Trench commemorates the approximately 4,000 Indigenous soldiers who served in the First World War. This art performance by Adrian Stimson (b.1964) took place on land near the artist’s family home in the Siksika (Blackfoot) Nation, an hour’s drive east of Calgary. Working from dawn to dusk over five days (May 23–27), Stimson dug a six-foot-deep trench. Guided by First World War manuals, he dug his trench in the U-shape pattern, which is also the Niitsitapi (Blackfoot) symbol of war, and shored it up with two hundred and fifty sandbags. The U-shape appears on the War Exploit Robe, n.d., of First World War Kainai (Blood) soldier Miistatosomitai (Michael Mountain Horse). The robe was designed by Eskimarwotome (Ambrose Two Chiefs) (c.1891–1968), and it documents Miistatosomitai’s significant First World War experiences, including many deadly encounters with opposing forces, in a black pictograph narrative on cowhide.
Stimson’s performance references Niitsitapi cultural practices that put the body under duress to enable healing. He hoped his toil would draw attention to the incompleteness of Indigenous First World War history and make it whole and worthy of honour.
Stimson participated in the Canadian Forces Artists Program and was stationed at Forward Operating Base Ma`sum Ghar and in Kandahar in Afghanistan in 2010. His performance art looks at identity construction, specifically the hybridization of the Indian, the cowboy, the shaman, and his Two Spirit (third gender) being, Buffalo Boy.

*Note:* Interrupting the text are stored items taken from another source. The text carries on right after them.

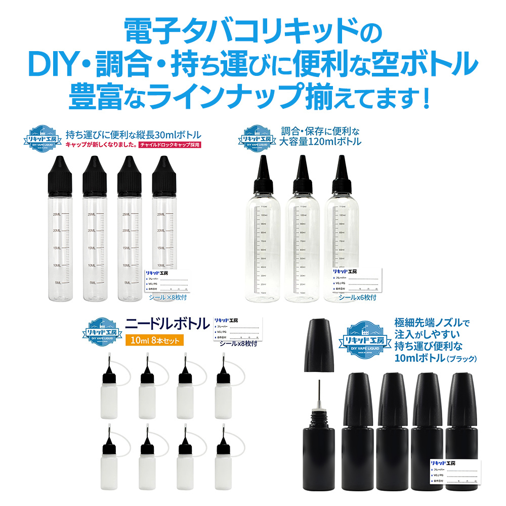 ユニコーンボトル 30ml 4本セット ※空ボトルです。<キャップが変わります> このたび、チャイルドロックキャップを採用しました。9月14日以降の発送分より新しくなっております。【セット内容】便利な目盛り付き30mlユニコーンボトル4本 製作用ステッカーシール8枚【便利な目盛付きボトル】0.5ml単位の目盛は注入量を容易に確認できリキッドの製作、調合、詰め替え、保存等DIYに大活躍 大変便利です。フレーバー、調合内容、日付が書き込める便利なステッカーシール付き【持ち運びに便利な縦長スタイル】直径約21mmの縦長ボトルです。ケースやカバン、バック、ポケットに入れて持ち歩いてもかさばりません。オリジナルの注入ノズルはアトマイザーやカートリッジにリキッドを注入するのが簡単です。【サイズ】縦:130mm 横:21mm 容量:30ml(目盛りは25mlまで) PETプラスチック樹脂製(注 高温の液体を注入しないでください。容器が変形したり溶けたり破損します。又、直射日光が当たる場所や車内等高温になる場所での保管は避けてください。)【60日間製品保証】商品の初期不良および購入後60日間に不具合などが生じた場合、弊社(プルプラジャパン)にて無償交換いたしますので、安心してご購入くださいませ。お問い合わせの際は、弊社カスタマーサポートまで注文番号を添えてご連絡ください。PL保険加入済み
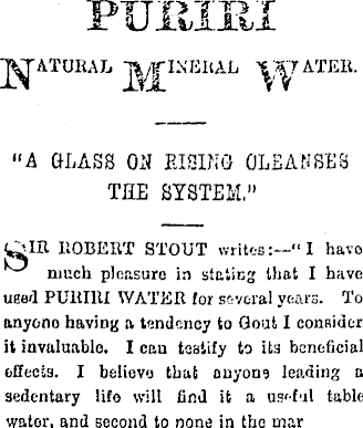 "A GLASS ON RISING CLEANSES THE SYSTEM.” »MR ROBERT STOUT writes:—" I havo much pleasure in stating that I have used PUIUHI WATER (or several years. To anyono having a tendency to Gout I consider it invaluable. I can testify to it 3 beneficial effects. I believe that anyone leading a I sedentary life will find it a useful table ' wator, and second to none in the mar
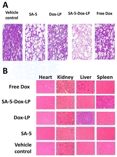 Hematoxylin and eosin (H&E) staining analysis of major organs after treatment. (A) SA-5-Dox-LP and SA-5 alone treated lung tumor slides exhibited normal lung morphology features, while free Dox and doxorubicin liposome treated lung tumor slides show the presence of tumor nest in the lung region. (B) Tissue sections of heart, kidney, liver, and spleen. General morphology indicated that there was no toxicity to major organs at the therapeutic concentration of SA-5-Dox-LP.
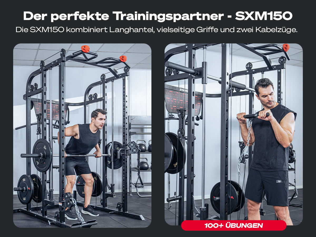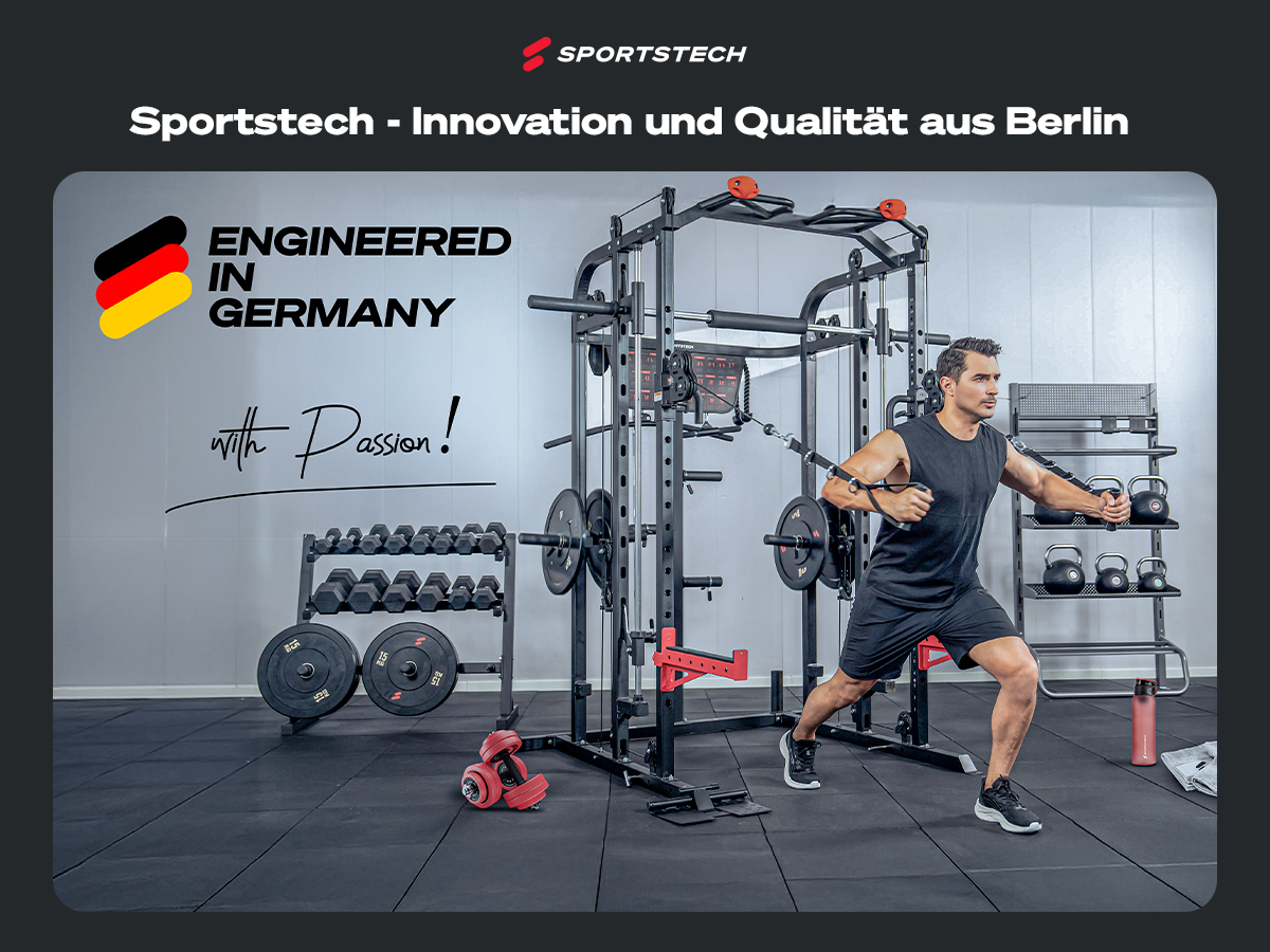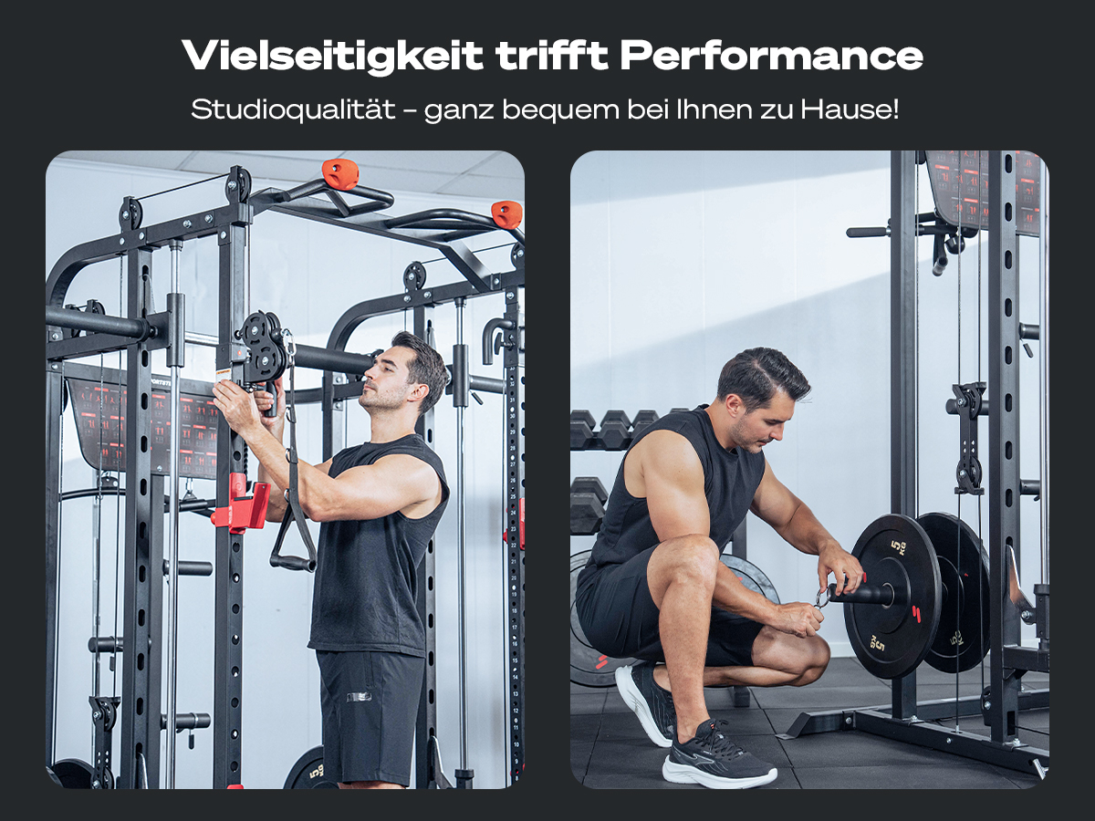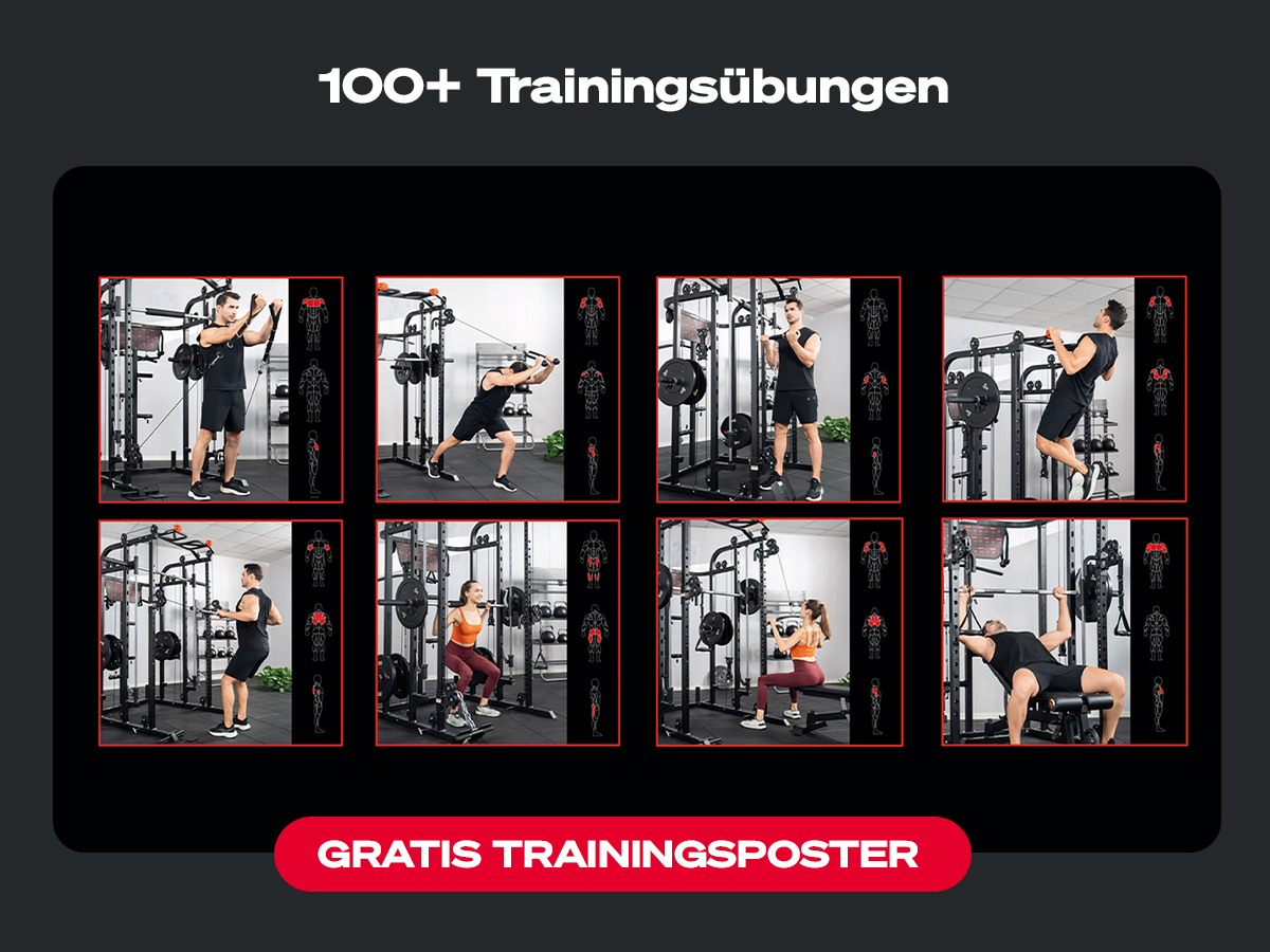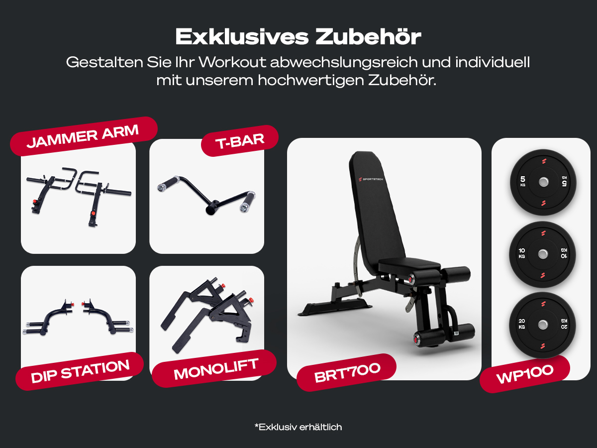 - Optional exklusives Zubehör: Hantelbank, Bodenschutz, Gewichtsscheiben, Trainingsgriffe und vieles mehr

Performance art is rare in Canadian war art, and Stimson’s Trench is unique. It shares similar goals to those that motivated U.K. artist Jeremy Deller (b.1966) to break down barriers between past and present. Deller memorably commemorated the opening day of the 1916 Battle of the Somme with a performance piece entitled we’re here because we’re here—the words of a First World War soldier song. On July 1, 2016, Deller organized some 1,600 volunteers, all men, to dress in replica First World War British Army uniforms and appear in groups at railway stations, shopping centres, and other places to represent an individual soldier who died on the first day of the battle. When approached by members of the public, they did not speak but instead handed out cards bearing the name, age, and regiment of the person they represented.